Task directions: Could you return every record below exactly as it stands, leaving out the pictures?

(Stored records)
----------------

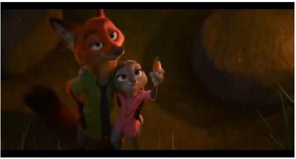
Figure 4.9. Zootopia movie, 2016;(01;30;48)
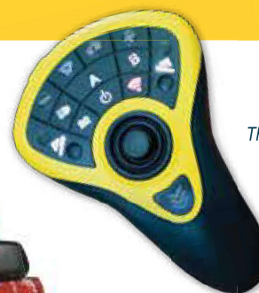
The wired or wireless Pro Control 2 Plus allows for easy one-touch button control.
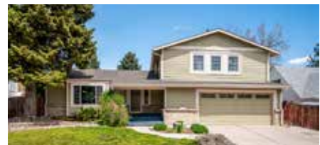
7863 W Quarto Ave.
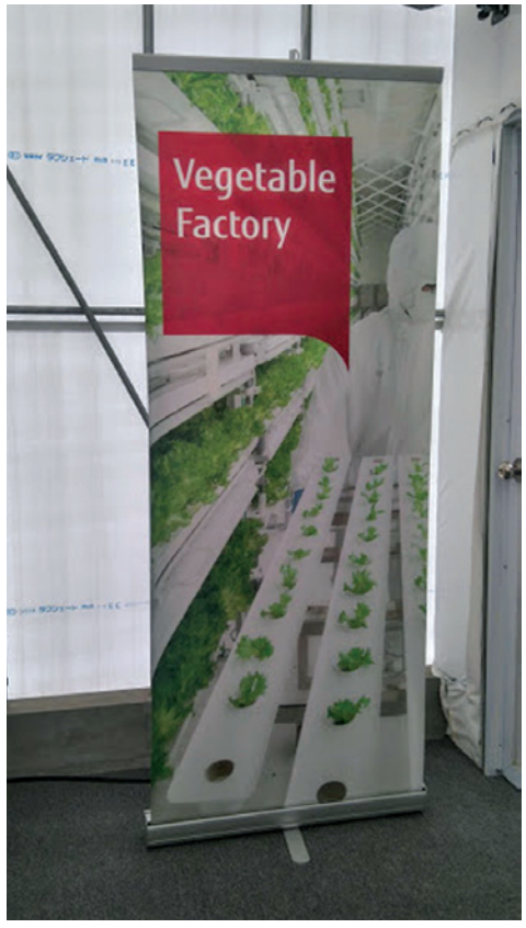
Vertical vegetable farm in Hanoi.

of Whole Foods Market for USD 13.7 billion.<sup>11</sup> The deal made Amazon the largest organic food retailer in the United States (US) overnight. Amazon's move follows its biggest competitor, the world's largest e-commerce company, China-owned Alibaba, which invested USD 1.25 billion in the Chinese online food delivery service Ele.me in late 2015, then set up its own fresh produce stores, Hema supermarket. Alibaba invested USD 12.7 billion into physical retail stores.
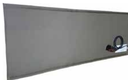
CARPET- LOWER SIDE (WITH INTENSITY DIMMER T757.A)
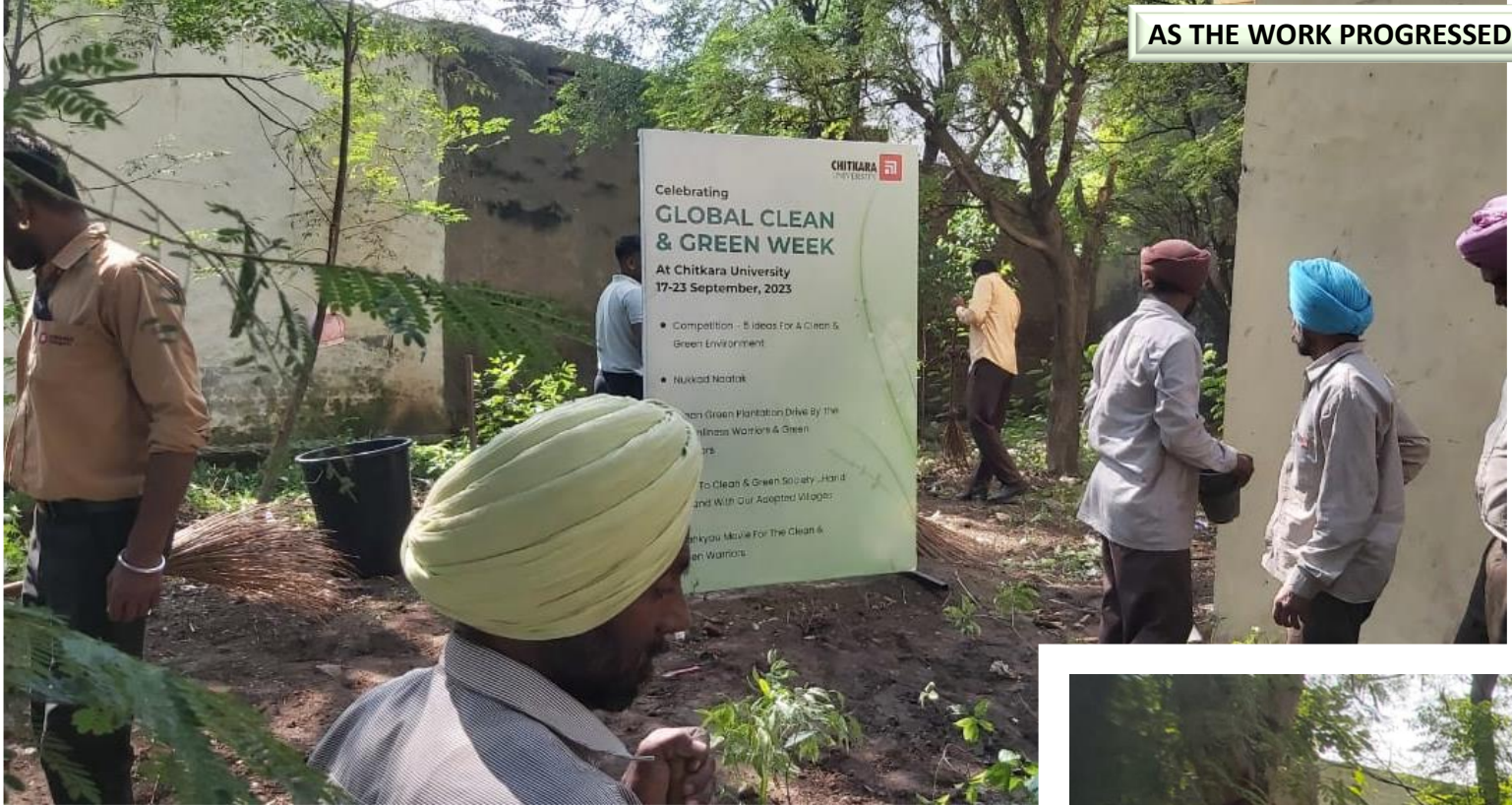
Area cleared and a Garden created

----------------

Your response:
Figure 4.9. Zootopia movie, 2016;(01;30;48)
The wired or wireless Pro Control 2 Plus allows for easy one-touch button control.
7863 W Quarto Ave.
Vertical vegetable farm in Hanoi.

of Whole Foods Market for USD 13.7 billion.<sup>11</sup> The deal made Amazon the largest organic food retailer in the United States (US) overnight. Amazon's move follows its biggest competitor, the world's largest e-commerce company, China-owned Alibaba, which invested USD 1.25 billion in the Chinese online food delivery service Ele.me in late 2015, then set up its own fresh produce stores, Hema supermarket. Alibaba invested USD 12.7 billion into physical retail stores.
CARPET- LOWER SIDE (WITH INTENSITY DIMMER T757.A)
Area cleared and a Garden created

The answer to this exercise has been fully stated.